2024年5月15日水曜日

「トラウマ本」 トラウマとパーソナリティ障害 加筆訂正部分 4

 最近になり、PDを論じる上で二つのファクターを加味しなくてはならないという考えが見られるようになった。一つは本章で主として論じる愛着の障害や幼少時のトラウマの問題である。そうしてもう一つはいわゆる発達障害(最近の表記の仕方では「神経発達障害」とPDとの関係である。

 現代の私達の臨床感覚からは、人が思春期までに持つに至った思考や行動パターンは、持って生まれた気質とトラウマや愛着障害、さらには発達障害的な要素のアマルガムであることは、極めて自然なことと考えられるのだ。

 トラウマとCPTSD 

  トラウマ関連障害とPDとの関係性を考える上で格好の材料を提供したのが、ICD-11に新たに加わった複雑性PTSD(以下、CPTSDと表記する)という疾患概念である。これは、「組織的暴力、家庭内殴打や児童虐待など長期反復的なトラウマ体験の後にしばしば見られる」障害とされる。
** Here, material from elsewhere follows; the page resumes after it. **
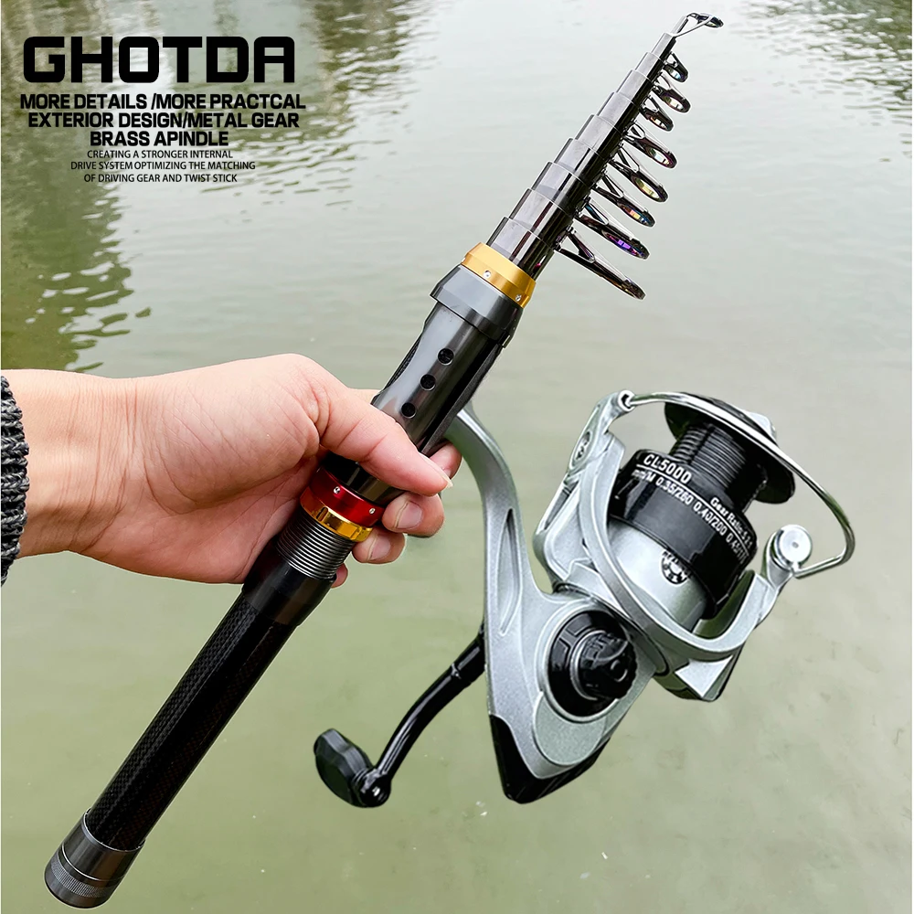 Caña de pescar giratoria GHOTDA Combo caña de mar telescópica de carbono ultraligera 1.8-3,6M carrete de Baitcasting 5,2: 1 relación de engranaje arrastre máximo 8kg

そして診断基準はPTSD症状に特有の一群の症状に「自己組織化の障害 Disorder of Self Organization」 が組み合わさった形となっている。
 このうち自己組織化の障害は、それが過去のトラウマにより備わった一種のパーソナリティ傾向ないしはパーソナリティ障害の様相を呈しているのである。つまりCPTSDの概念自体にPDの要素が組み込まれているという事になるのだ。 (以下は飛鳥井(2020)の訳を用いて論じる。)
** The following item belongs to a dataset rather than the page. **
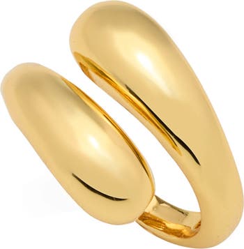 An of-the-moment bypass silhouette distinguishes this lovely ring plated in warm 18-karat gold.

「自己組織化の障害」は以下の3つにより特徴づけられる。それらは

● 感情制御の困難さ:感情反応性の亢進(傷つきやすさなど)、暴力的爆発、無謀な、または自己破壊的な行動、ストレス下での遷延性の解離状態、感情麻痺および喜び又は陽性感情の欠如。
● 否定的な自己概念:自己の卑小感 敗北感、無価値観などの持続的な思い込みで、外傷的出来事に関連する深く広がった恥や自責の感情を伴う。
● 対人関係の障害:他者に親密感を持つことの困難さ、対人関係や社会参加の回避や関心の乏しさ。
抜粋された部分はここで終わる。